Today's 3 Worst Stocks


No matter the market, there will always be losers -- a few lagging disappointments holding back a Wall Street rally, or several big losers leading a bearish day. The S&P 500 ended the day up a fraction of a percent, but several notable big names helped to weigh down the index, and make investors pull their hair out in frustration. Here are the three worst stocks today that you need to know about - from retail to health care, these stocks put a dent in Wall Street's Thursday.

Shareholders in full retreat
Kicking off our list of today's sinking stocks, Mondelez didn't treat shareholders to a good day, with shares shedding 4.3%. The former Kraft Foods took the market's latest hit from earnings season, whiffing on both the top and bottom lines for the fourth quarter. Earnings per share fell from $0.47 a year ago to $0.30, while revenue dipped nearly 2% year over year to $9.5 billion.
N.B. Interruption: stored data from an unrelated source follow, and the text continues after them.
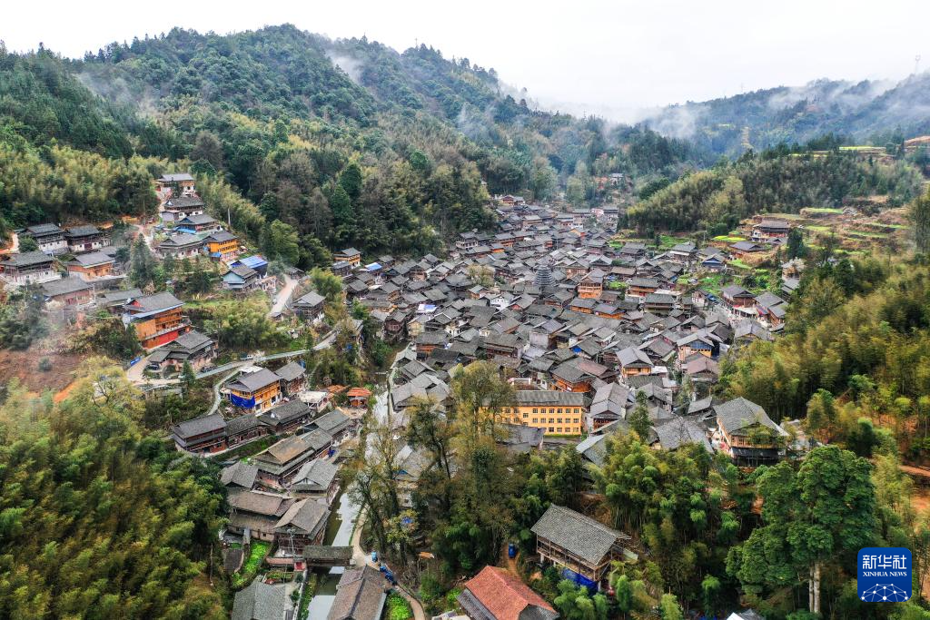 这是3月18日拍摄的贵州省榕江县栽麻镇大利侗寨(无人机照片)。
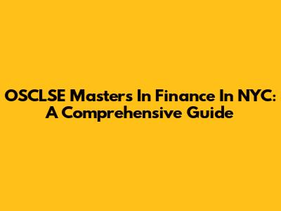 OSCLSE Masters In Finance In NYC: A Comprehensive Guide
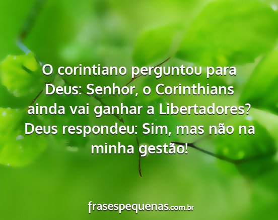 O corintiano perguntou para Deus: Senhor, o Corinthians ainda vai ganhar a Libertadores? Deus respondeu: Sim, mas não na minha gestão!
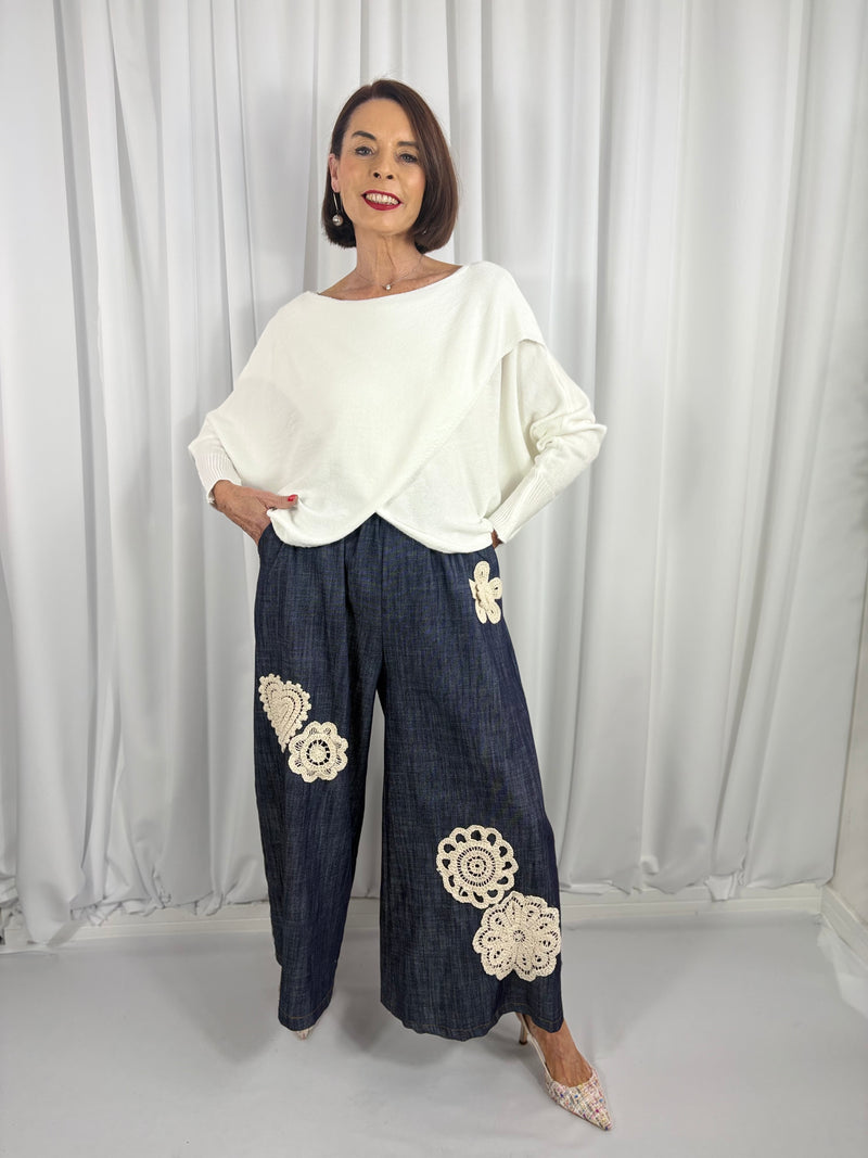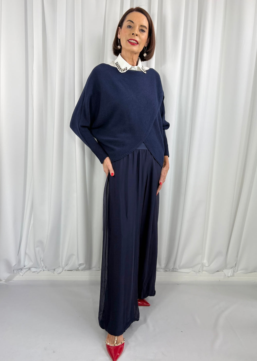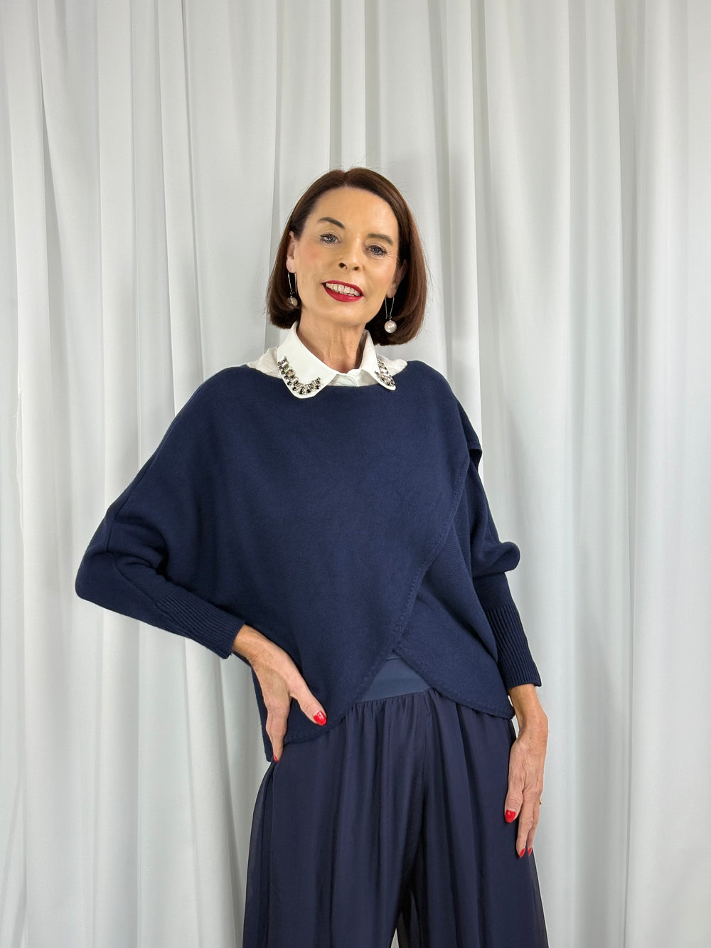 Giana Asymmetric Slouchy Fine Knit in Navy

Like many companies spread out across the world, Mondelez took a hit from currency issues due to the strong dollar; Europe particularly whacked the company, with revenue from the continent falling more than 7%. However, Mondelez did increase its 2013 outlook for earnings, and the company's sales growth in emerging markets is a promising sign. Today was a tough day for shareholders, but Mondelez doesn't look to be in any real danger of falling into a slump.

The future's not so bright over at health-care firm Hospira . The maker of medical devices, biosimilars, and more, took a beating today, as shares plummeted nearly 8%. The culprit? Thank the FDA for this one: Hospira announced in an SEC filing that the FDA expanded an import ban on three intravenous pumps made in the company's Costa Rica plant. That decision spurred Hospira to retract its 2013 guidance from Wednesday's earnings report, noting that revenue could fall by $50 million to $100 million, and earnings could slide from $0.05 to $0.15 per share. Ouch.
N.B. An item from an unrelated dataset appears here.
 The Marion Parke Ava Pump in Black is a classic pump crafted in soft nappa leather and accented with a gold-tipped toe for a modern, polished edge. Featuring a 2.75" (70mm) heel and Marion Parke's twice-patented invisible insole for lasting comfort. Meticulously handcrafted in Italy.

Hospira's pain is a tough blow to shareholders, but one stock's dip today could indicate a great buying opportunity.

Whole Foods was slammed today, after shares fell 9.7%. The company updated its 2013 guidance, expecting revenue to grow by between 10% and 11%, after earlier predicting growth of between 10% and 12%. Analysts expected higher revenue growth, although the difference between Whole Foods' expectations -- around $12.87 billion to $12.99 billion in sales -- and analyst projections of $13.2 billion, is minimal.

Naturally, investors reacted to that tiny revision by losing their minds, and exploding in a sell-off. The stock had pulled in gains of more than 8.6% over the past month until today, and Whole Foods has soared beyond expectations in the recent past. My advice? Don't follow the herd; pick up more of this rock-solid stock on the dip. Long-term investors have no need to fret about the minor revision to revenue guidance.

Whole Foods hasn't disappointed investors in the past, and there's no reason to start running away now. It's hard to believe that a grocery store could book investors more than 30 times their initial investment, but that's just what Whole Foods has done for those who saw the organic trend coming some 20 years ago. However, it may not be too late to participate in the long-term growth of this organic foods powerhouse. In this brand-new premium report on the company, we walk through the key must-know items for every Whole Foods investor, including the main opportunities and threats facing the company. We're also providing a full year of regular analyst updates to go with it, so make sure to claim your copy today by clicking here.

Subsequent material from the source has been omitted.